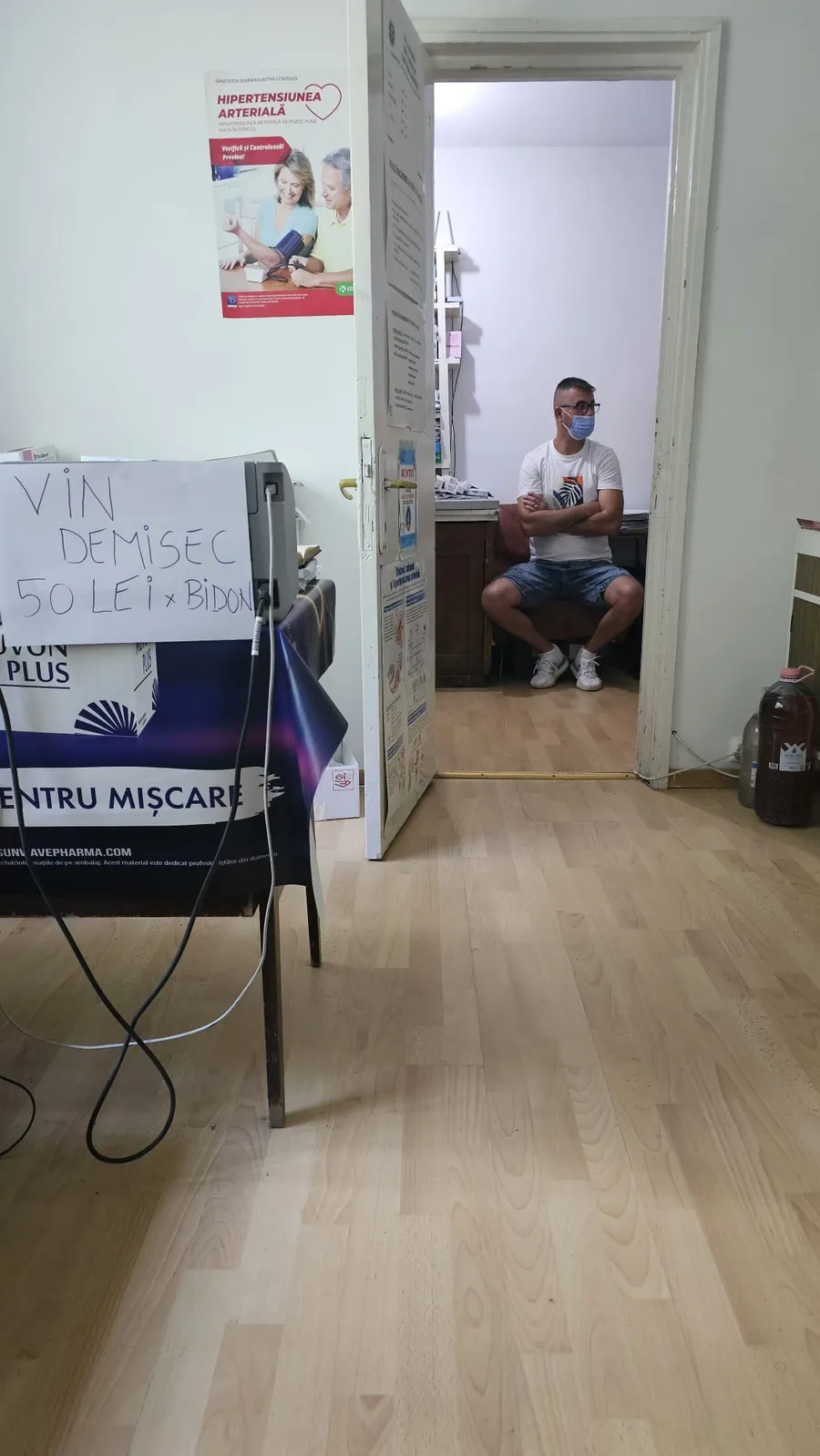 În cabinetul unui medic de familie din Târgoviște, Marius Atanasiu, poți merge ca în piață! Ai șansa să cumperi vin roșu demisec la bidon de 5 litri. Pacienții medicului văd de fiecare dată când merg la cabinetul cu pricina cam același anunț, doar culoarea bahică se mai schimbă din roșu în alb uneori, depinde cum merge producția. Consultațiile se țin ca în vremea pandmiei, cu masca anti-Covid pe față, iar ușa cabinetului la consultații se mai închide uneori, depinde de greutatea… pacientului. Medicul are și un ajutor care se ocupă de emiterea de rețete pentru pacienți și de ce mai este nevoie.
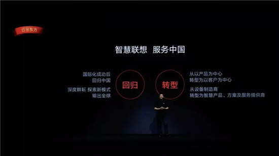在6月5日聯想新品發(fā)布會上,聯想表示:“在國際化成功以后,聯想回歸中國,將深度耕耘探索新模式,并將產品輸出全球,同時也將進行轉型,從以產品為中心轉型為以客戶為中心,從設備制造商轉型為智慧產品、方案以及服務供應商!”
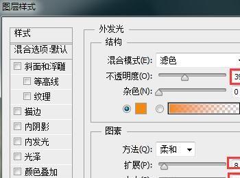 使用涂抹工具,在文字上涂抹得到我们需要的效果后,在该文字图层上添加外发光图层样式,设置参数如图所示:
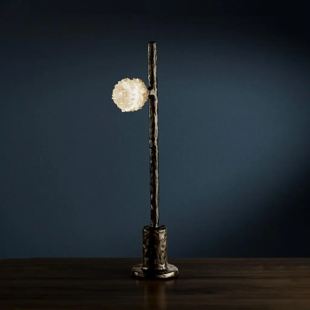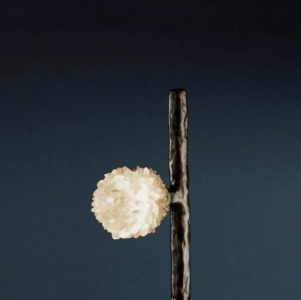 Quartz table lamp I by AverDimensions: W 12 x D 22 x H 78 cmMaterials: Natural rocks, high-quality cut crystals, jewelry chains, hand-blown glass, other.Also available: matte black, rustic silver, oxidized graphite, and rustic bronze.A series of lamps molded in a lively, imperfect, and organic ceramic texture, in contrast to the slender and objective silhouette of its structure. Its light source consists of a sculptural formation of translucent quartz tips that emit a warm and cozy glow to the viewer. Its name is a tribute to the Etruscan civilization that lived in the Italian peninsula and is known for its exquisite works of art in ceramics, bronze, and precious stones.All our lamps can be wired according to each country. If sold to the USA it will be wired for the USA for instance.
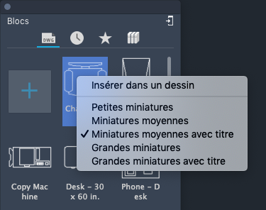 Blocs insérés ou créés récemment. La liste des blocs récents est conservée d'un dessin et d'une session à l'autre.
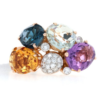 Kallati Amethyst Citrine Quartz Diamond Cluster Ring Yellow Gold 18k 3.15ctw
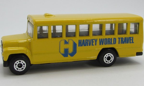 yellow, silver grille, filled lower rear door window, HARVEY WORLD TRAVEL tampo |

---

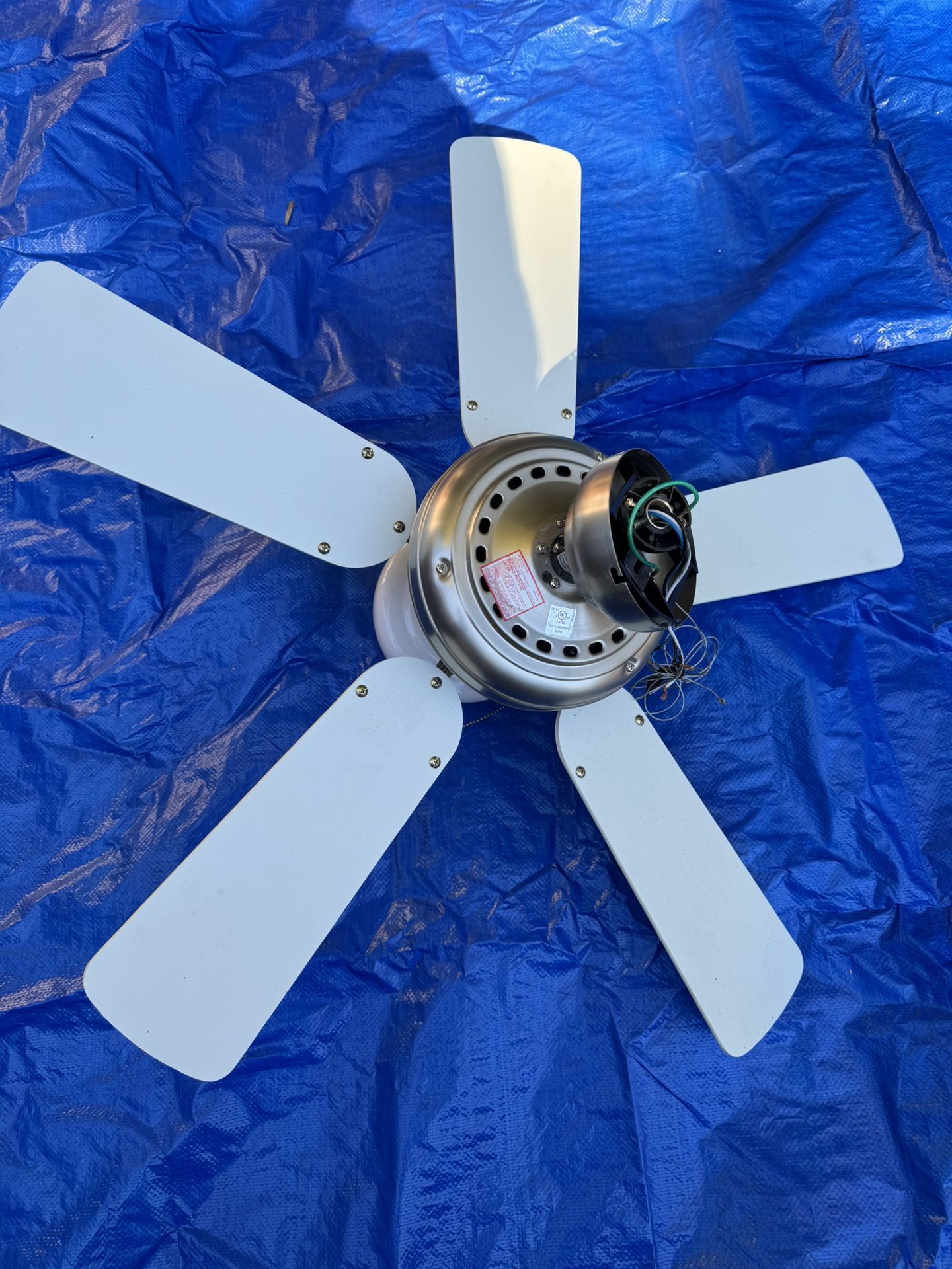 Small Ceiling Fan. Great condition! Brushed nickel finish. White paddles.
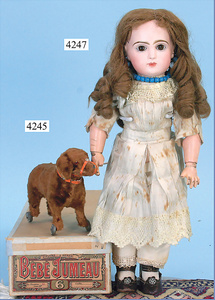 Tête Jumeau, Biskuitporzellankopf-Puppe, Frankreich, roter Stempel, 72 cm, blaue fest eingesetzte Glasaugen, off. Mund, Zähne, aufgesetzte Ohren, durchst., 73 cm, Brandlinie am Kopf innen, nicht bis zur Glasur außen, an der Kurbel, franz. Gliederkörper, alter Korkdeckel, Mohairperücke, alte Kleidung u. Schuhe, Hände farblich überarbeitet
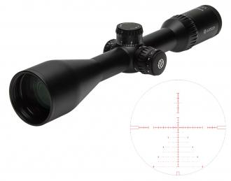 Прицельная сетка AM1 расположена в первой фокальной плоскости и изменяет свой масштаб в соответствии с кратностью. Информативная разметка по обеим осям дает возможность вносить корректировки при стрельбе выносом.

- [Instructions for the task] Extract from the material above the stretch running from the line containing "În cabinetul unui" through the line containing "使用涂抹工具,在文字上涂抹得". Keep the text exact and the pictures out.

- [Answer below]
 În cabinetul unui medic de familie din Târgoviște, Marius Atanasiu, poți merge ca în piață! Ai șansa să cumperi vin roșu demisec la bidon de 5 litri. Pacienții medicului văd de fiecare dată când merg la cabinetul cu pricina cam același anunț, doar culoarea bahică se mai schimbă din roșu în alb uneori, depinde cum merge producția. Consultațiile se țin ca în vremea pandmiei, cu masca anti-Covid pe față, iar ușa cabinetului la consultații se mai închide uneori, depinde de greutatea… pacientului. Medicul are și un ajutor care se ocupă de emiterea de rețete pentru pacienți și de ce mai este nevoie.
在6月5日聯想新品發(fā)布會上,聯想表示:“在國際化成功以后,聯想回歸中國,將深度耕耘探索新模式,并將產品輸出全球,同時也將進行轉型,從以產品為中心轉型為以客戶為中心,從設備制造商轉型為智慧產品、方案以及服務供應商!”
 使用涂抹工具,在文字上涂抹得到我们需要的效果后,在该文字图层上添加外发光图层样式,设置参数如图所示:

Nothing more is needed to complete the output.